Definition: An algebraic expression is the combination of the constants and the variables connected by the fundamental operators like addition \((+)\), subtraction \((-)\), etc.
Examples: \(4x + 5,\, 10y – 5\) are examples of algebraic expressions.

Terms Used in Algebra

The terms used in algebra are given below:

1. Variables: The symbol that makes various numerical values is known as a variable.

Examples:
(i) The perimeter \(P\) of a square of side \(S\) is given by the formula, \(P = 4 \times S.\) Now, the number \(4\) is the constant, while \(P\) and \(S\) are the variables.
(ii) The circumference \(C\) of the circle of the radius \(R\) is given by a formula, \(C = 2 \pi R.\) Here, \(2\) and \(\pi\) are constants while \(C\) and \(R\) are variables.

2. Coefficients or constants: A symbol having a fixed numerical value is called a constant, and the term of the expression having no literal factor is known as the constant term.
Examples: In the given algebraic expression \(x^2 + 5x – 3\), the constant term is \(-3.\)

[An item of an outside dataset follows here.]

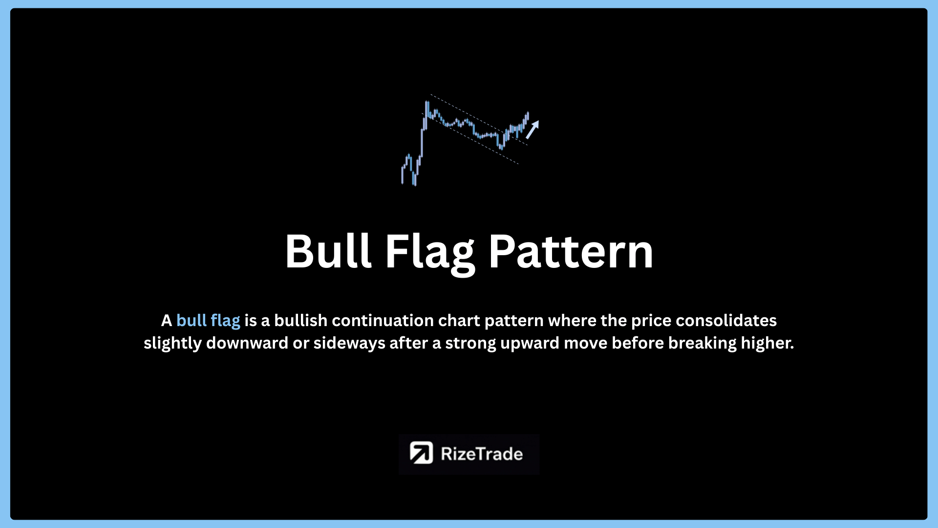 The bullish flag chart pattern is a continuation pattern. It’s basically the market catching its breath in an uptrend, then pushing higher again. You’ll usually see a sharp impulsive rally (the “flagpole”), followed by a tight consolidation that drifts slightly down or chops sideways (the “flag”).

3. Monomial: Monomial is an expression with one term.
Example: \(4x,\,5y,\,7z\)

4. Binomial: Binomial is an expression with two terms.
Example: \(4x + 4,\,5y + y,\,7z + z\)

5. Trinomial: Trinomial is an expression with three terms.
Example: \(4x^2 + 4x +1\)

Polynomial Expression

Let \(x\) be a variable, \(n\) be a positive integer and as \(a_1,\,a_2,\,……,a_n\) be constants (real numbers).
Then \(f(x) = a_n x^{n} +a_{n-1} x^{n-1} + …… +a_1 x + a0\) is called the polynomial in variable \(x\).

Definition: A polynomial is the combination of the constants and the variables connected by the operations addition \((+)\), subtraction \((−)\), etc.
Examples: \(7x + 3,\,11y – 6\) are examples of Polynomials.

Multiplying Algebraic Expressions

In the multiplication of the algebraic expressions, you will use the following rules of sign:

1. The product of the two factors with the like signs is positive, and the product of two factors with unlike signs is negative.
   i.e., \( (+) \times (+) = + \)
   \( (+) \times (-) =\ – \)
   \( (-) \times (+) =\ – \)
   and \( (-) \times (-) = + \)
2. If \(a\) is any variable and \(m,\,n\) are the positive integers, then \(a^m \times a^n = a^{m+n}\)
   Example: \({a^3} \times {a^5} = {a^{3 + 5}} = {a^8},\;{y^4} \times y = {y^{4 + 1}} = {y^5}\) etc.

When two algebraic expressions are multiplied, the result is called the product, and the two expressions making up the product are called factors and multiplicands. The simplest case of multiplication is the multiplication of one monomial with another monomial. So, we first discuss the multiplication of two monomials.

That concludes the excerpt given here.